Yeah, right. Chatwood is the guy who signed a $38 million free agent deal and lasted half a season in the rotation before getting demoted to the bullpen. He battled Mills in March for the fifth starter job, then moved up to fourth with Quintana’s injury — then third when Jon Lester needed more time to build up once camp opened.

Then Chatwood pitched six powerful innings in a victory Sunday. Then Lester was in command, if still on a tight pitch limit, and spun five no-hit innings Monday.

And it all started with Kyle Hendricks, who got the call for Friday’s opener because he stayed sharper than anybody else during the shutdown — and proved it with a three-hitter against the Brewers.

“We were all confident in each other,” said Chatwood, who struck out Brewers’ lefty-hitting monster Christian Yelich three times Sunday.

Mills, a location, off-speed-mix right-hander in the Hendricks mold, said he thinks if anyone disrespected or undervalued the rotation going into the season it might have been because only Darvish and Chatwood are classic power pitchers.

“Maybe underrated, yeah. Maybe not,” he said. “All of us put in the work to be good. Seeing the success is always a good thing.”

That success has been especially critical for a team with an underwhelming bullpen full of question marks that turned would-be routs into close games the last two nights in Cincinnati.

MORE: Cubs quick takes: Alec Mills aces opening test, Javy Báez powers up season

Twelve relief pitchers have combined to allow 15 earned runs in 15 innings on 15 hits and 14 walks.

And you can’t blame it all on $43 million closer quandary Craig Kimbrel — who owns only four of the walks and two of the runs as a result of his lone outing.

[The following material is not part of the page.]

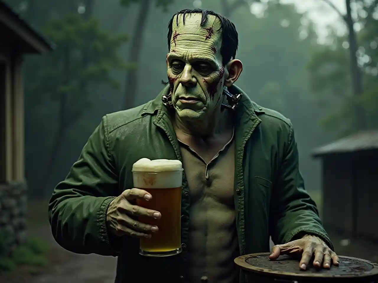 Hermann Münster als Frankensteins Monster, grüne Haut, Pastellpalette, stimmungsvolle, gruselige, verwickelte Details, auferstandene Leichen, Narbengewebe, Verwesung, Hauptaugen, Horror, Grusel, abgestreckte Bolzen auf beiden Seiten des Nackens, Gangrän, Venen, Unvollständigkeit, Stiche in der Stirn, steht neben dem Grill im Freien und hält einen Bierkrug in einer Hand

Eight different Cub relievers have given up runs; nine have issued walks (none intentionally); and the bullpen has given up five of the six home runs allowed by the staff (none by Kimbrel).

“With a few of these guys it’s their first or second time in a game,” Ross said, referring to a short second training camp that included only three exhibition games.

Ross talks about some relievers still learning and growing as the season progresses, and stays optimistic, especially watching some of the bigger arms. And the first-year manager certainly will learn quickly who can be trusted with leads.

But for now, for one time through the rotation, he has that to lean on. How much longer it will last at that level, how much longer it will help cover for bullpen flaws — stay tuned.

Either way, Mills, Chatwood and Co. don’t seem to care what anybody else thinks.

“We just pay attention to what we can control,” Chatwood said.